** Activity **
For the entries that follow, produce an exact copy with no pictures in it.

┌─ Study material

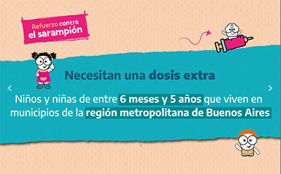 Debido al brote actual de sarampión, desde el 7 de abril niños y niñas de 6 meses a 5 años, que viven en municipios de la región metropolitana de Buenos Aires, deben recibir un refuerzo de vacunación para estar protegidos/as.
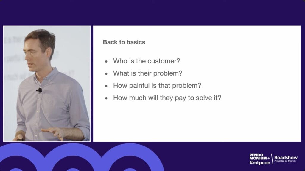 It always comes back to solving human problems. He encourages product managers to go back to the basics of solving customer problems by asking these questions:
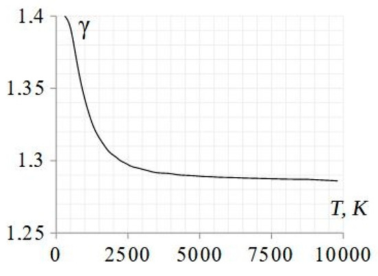 The parameters λ in both media across the interface taken as equal, and λ1 = λ2, can be used to simplify Equation (2). The reason for this is the fact that the specific heat ratio γ in the gas is affected strongly up to approximately 2500 K and then, as the temperature increases to 10,000 K, it has a tendency to saturate at a constant value of approximately γ =1.2860 [16]. Thus, when the gas heating is intense on both sides of the interface, the difference in the parameters becomes insignificant. The graph of Figure 2 illustrating this property is plotted assuming excitation of vibrations only and no dissociation in the gas.
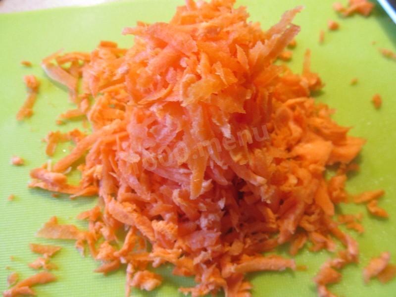 Морковь очистите, помойте, натрите на крупной терке или нарежьте небольшой соломкой. Имейте в виду, что от того, как вы измельчите морковь, зависит и конечный результат в этом блюде: натертая морковь в процессе термической обработки равномерно смешается с остальными ингредиентами, нарезанная соломкой или брусочками сохранит свою форму. Можете выбрать способ нарезки по своим предпочтениям. Всё о работе с тёркой можете прочитать в статье под шагами.
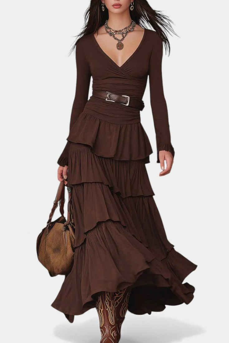 Une robe qui mêle charme d’antan et élégance contemporaine. Hinda séduit par sa silhouette fluide sublimée de volants superposés, créant un mouvement gracieux à chaque pas. Son col en V et sa coupe féminine apportent une présence raffinée, tandis que sa ceinture incluse structure délicatement la taille pour un rendu harmonieux et intemporel.
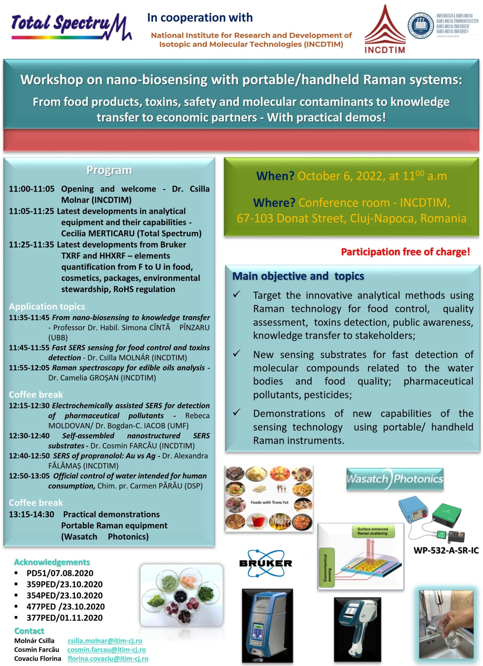 Workshop on nano-biosensing with portable/handheld Raman systems: From food products, toxins, safety and molecular contaminants to knowledge transfer to economic partners – With practical demos!
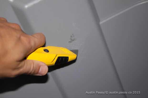 También usé un cuchillo raspar hasta el plástico para conseguir el pegamento caliente del epoxy/no tóxico no tóxico a los sujetadores de varillas. Si estás cómodo puedes atornillarlo, pero recuerda sellar el agujero con algo como agua
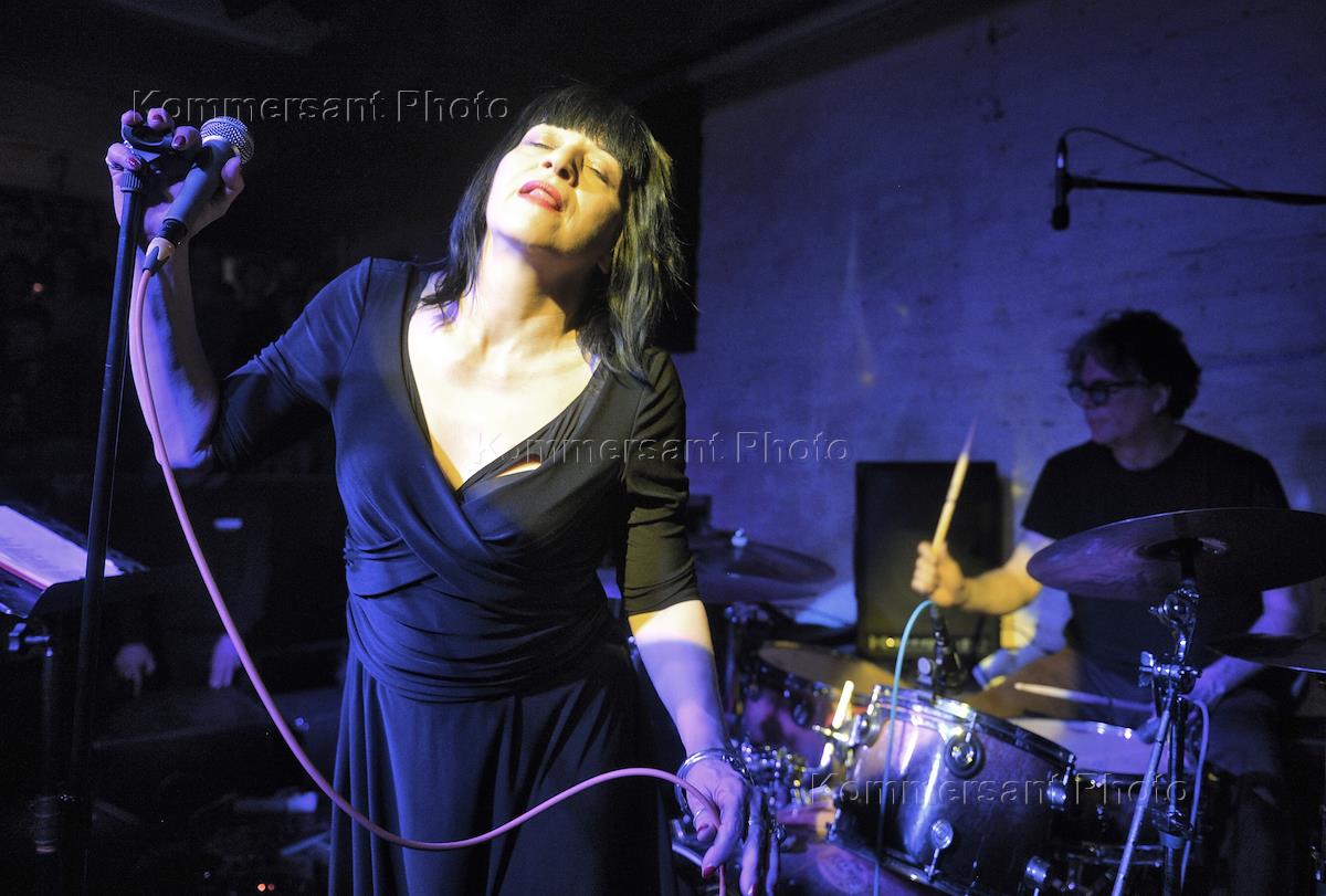 Американская певица Лидия Ланч во время выступления с концертом в клубе Manifest.
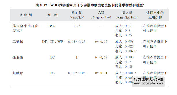 WHOPES對因公共衛(wèi)生目的使用的農(nóng)藥進行了評價。目前,WHOPES已評估并列出的 可在容器中控制蚊蟲幼卵的包括七種殺幼蟲劑(二氟脲、烯蟲酯、氟酰脲、甲基嘧啶磷、吡丙醚、 多殺菌素和雙硫磷)和一種細菌殺蟲劑(蘇云金芽孢桿菌,犅犪犮犻犾犾狌狊狋犺狌狉犻狀犵犻犲狀狊犻狊犻狊狉犪犲犾犲狀狊犻狊)。
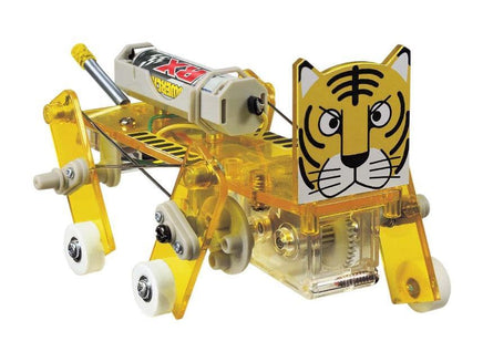 The Tamiya Mechanical Tiger is part of the Robocraft Series. Power from the Tiger’s rotating motor is transferred effortlessly to the legs via crank plates to make the tiger walk. The Tiger's body parts, molded using yellow semi-transparent plastic, give the tiger a futuristic look. Assembly is amazingly simple with the use of screws and snap-lock parts.
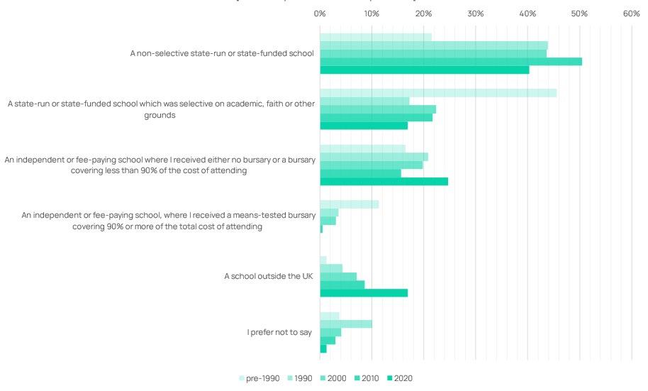 The majority (66%) of members were educated in UK state schools with 19% educated in fee-paying schools. In the 2020s, the proportion of recruits from feepaying schools has increased to 25%, which is a concern for the inclusivity of the profession considering that only 9% of British pupils are educated in fee-paying schools. 10% of respondents indicated that they were entitled to free school meals while at school. The proportion of recruits from “Oxbridge” has remained between 20% and 26% with 40% to 52% from other Russel Group universities.
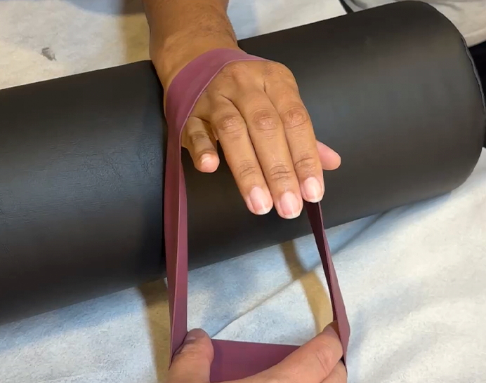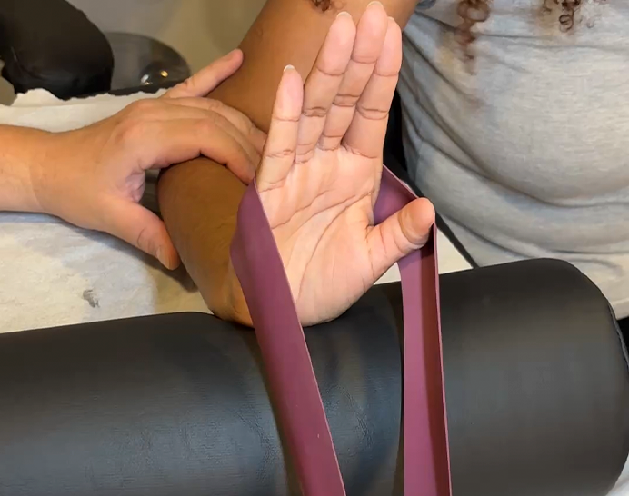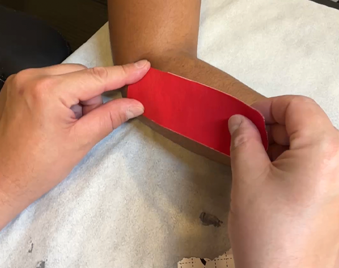 Colocação de bandagem elástica funcional para aumento do conforto pós tratamento.
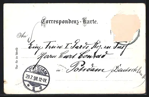 gelaufen 1898, Einriss re. unten, Briefmarke entfernt, rückseitig Oberflächenschaden, guter Zustand
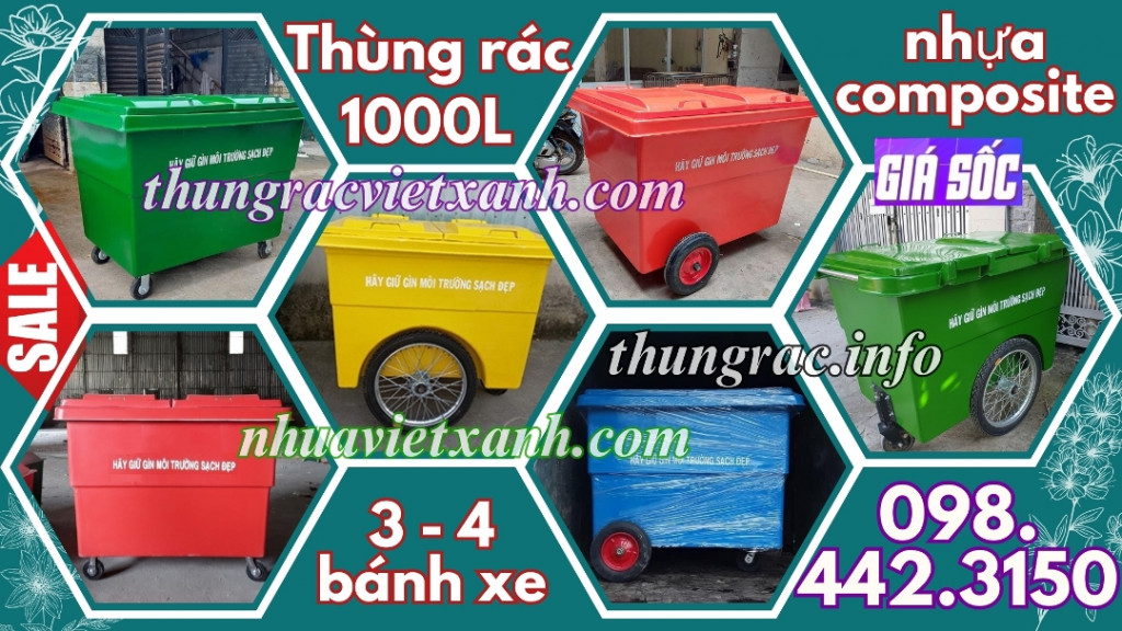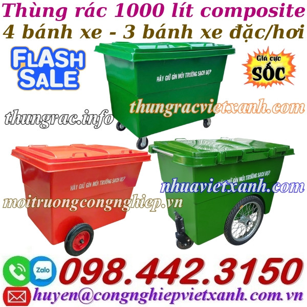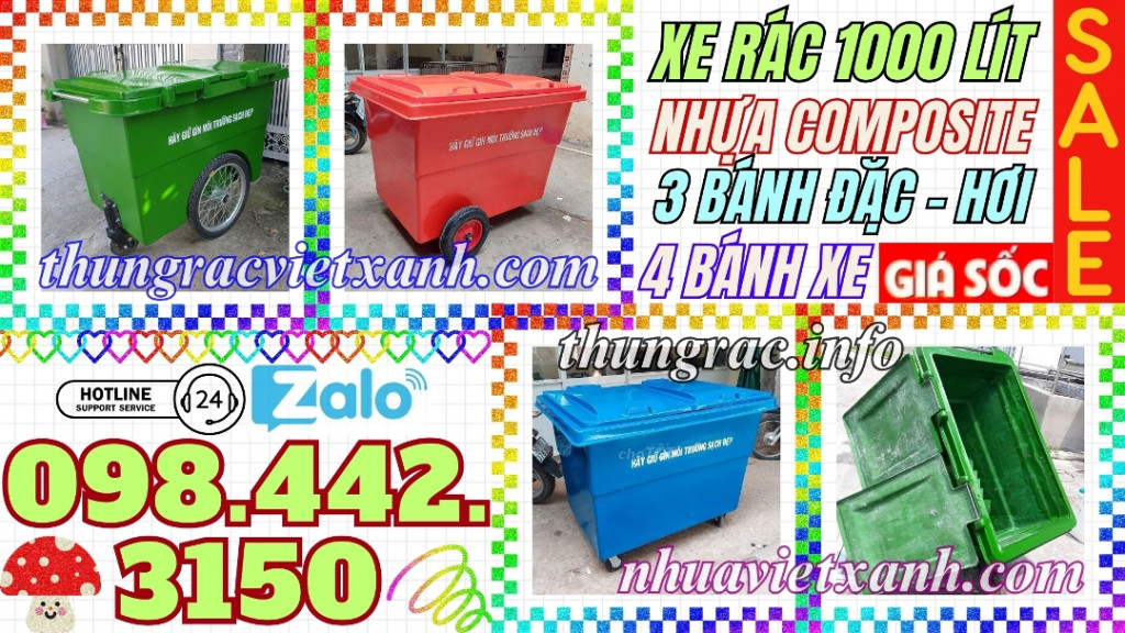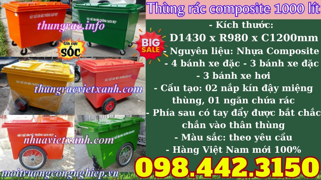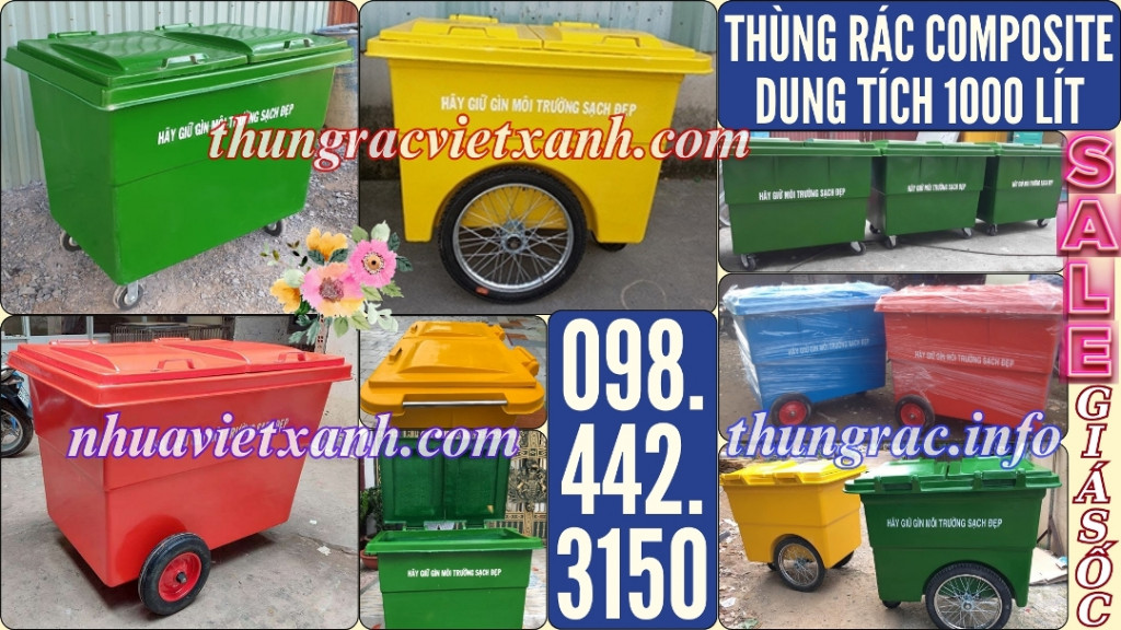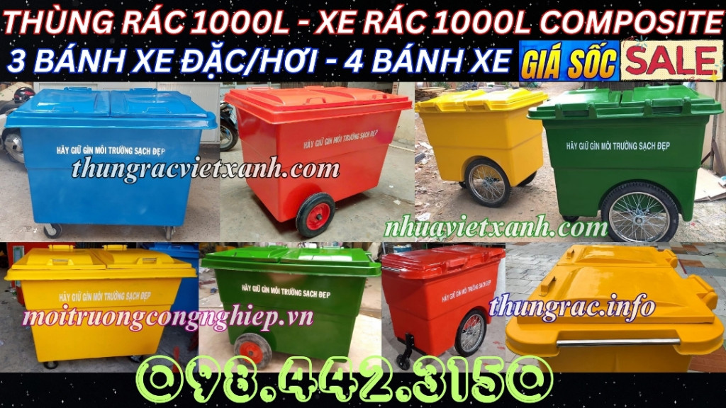 - Thùng rác 1000 lít - xe rác 1000 lít - xe đẩy rác 1000 lít - xe thu gom rác 1000 lít - xe gom rác 1000 lít nhựa composite có dung tích lớn để thu gom rác từ những thùng rác nhỏ và vận chuyển điểm tập kết. Thích hợp đặt ở nơi thu gom rác tập trung của chung cư, cao ốc, khuôn viên khu công nghiệp, nhà máy, công viên, khu vui chơi giải trí, các khu du lịch, trường học, bệnh viện, nhà hàng khách sạn, trung tâm thương mại, siêu thị, nơi công cộng…
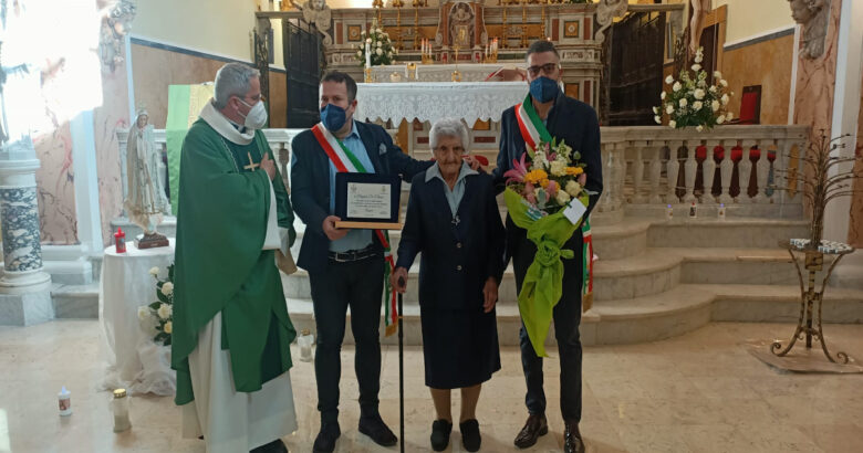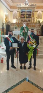 Dopo la Santa messa, celebrata nella Chiesa di San Giacomo Maggiore di Roccamandolfi e la foto di rito, i Sindaci hanno consegnato in omaggio alla dolce nonnina la targa ricordo e un profumato e vivace bouquet.

└─

** Response area **
 Debido al brote actual de sarampión, desde el 7 de abril niños y niñas de 6 meses a 5 años, que viven en municipios de la región metropolitana de Buenos Aires, deben recibir un refuerzo de vacunación para estar protegidos/as.
 It always comes back to solving human problems. He encourages product managers to go back to the basics of solving customer problems by asking these questions:
 The parameters λ in both media across the interface taken as equal, and λ1 = λ2, can be used to simplify Equation (2). The reason for this is the fact that the specific heat ratio γ in the gas is affected strongly up to approximately 2500 K and then, as the temperature increases to 10,000 K, it has a tendency to saturate at a constant value of approximately γ =1.2860 [16]. Thus, when the gas heating is intense on both sides of the interface, the difference in the parameters becomes insignificant. The graph of Figure 2 illustrating this property is plotted assuming excitation of vibrations only and no dissociation in the gas.
 Морковь очистите, помойте, натрите на крупной терке или нарежьте небольшой соломкой. Имейте в виду, что от того, как вы измельчите морковь, зависит и конечный результат в этом блюде: натертая морковь в процессе термической обработки равномерно смешается с остальными ингредиентами, нарезанная соломкой или брусочками сохранит свою форму. Можете выбрать способ нарезки по своим предпочтениям. Всё о работе с тёркой можете прочитать в статье под шагами.
 Une robe qui mêle charme d’antan et élégance contemporaine. Hinda séduit par sa silhouette fluide sublimée de volants superposés, créant un mouvement gracieux à chaque pas. Son col en V et sa coupe féminine apportent une présence raffinée, tandis que sa ceinture incluse structure délicatement la taille pour un rendu harmonieux et intemporel.
 Workshop on nano-biosensing with portable/handheld Raman systems: From food products, toxins, safety and molecular contaminants to knowledge transfer to economic partners – With practical demos!
 También usé un cuchillo raspar hasta el plástico para conseguir el pegamento caliente del epoxy/no tóxico no tóxico a los sujetadores de varillas. Si estás cómodo puedes atornillarlo, pero recuerda sellar el agujero con algo como agua
 Американская певица Лидия Ланч во время выступления с концертом в клубе Manifest.
 WHOPES對因公共衛(wèi)生目的使用的農(nóng)藥進行了評價。目前,WHOPES已評估并列出的 可在容器中控制蚊蟲幼卵的包括七種殺幼蟲劑(二氟脲、烯蟲酯、氟酰脲、甲基嘧啶磷、吡丙醚、 多殺菌素和雙硫磷)和一種細菌殺蟲劑(蘇云金芽孢桿菌,犅犪犮犻犾犾狌狊狋犺狌狉犻狀犵犻犲狀狊犻狊犻狊狉犪犲犾犲狀狊犻狊)。
 The Tamiya Mechanical Tiger is part of the Robocraft Series. Power from the Tiger’s rotating motor is transferred effortlessly to the legs via crank plates to make the tiger walk. The Tiger's body parts, molded using yellow semi-transparent plastic, give the tiger a futuristic look. Assembly is amazingly simple with the use of screws and snap-lock parts.
 The majority (66%) of members were educated in UK state schools with 19% educated in fee-paying schools. In the 2020s, the proportion of recruits from feepaying schools has increased to 25%, which is a concern for the inclusivity of the profession considering that only 9% of British pupils are educated in fee-paying schools. 10% of respondents indicated that they were entitled to free school meals while at school. The proportion of recruits from “Oxbridge” has remained between 20% and 26% with 40% to 52% from other Russel Group universities.
 Colocação de bandagem elástica funcional para aumento do conforto pós tratamento.
 gelaufen 1898, Einriss re. unten, Briefmarke entfernt, rückseitig Oberflächenschaden, guter Zustand
 - Thùng rác 1000 lít - xe rác 1000 lít - xe đẩy rác 1000 lít - xe thu gom rác 1000 lít - xe gom rác 1000 lít nhựa composite có dung tích lớn để thu gom rác từ những thùng rác nhỏ và vận chuyển điểm tập kết. Thích hợp đặt ở nơi thu gom rác tập trung của chung cư, cao ốc, khuôn viên khu công nghiệp, nhà máy, công viên, khu vui chơi giải trí, các khu du lịch, trường học, bệnh viện, nhà hàng khách sạn, trung tâm thương mại, siêu thị, nơi công cộng…
 Dopo la Santa messa, celebrata nella Chiesa di San Giacomo Maggiore di Roccamandolfi e la foto di rito, i Sindaci hanno consegnato in omaggio alla dolce nonnina la targa ricordo e un profumato e vivace bouquet.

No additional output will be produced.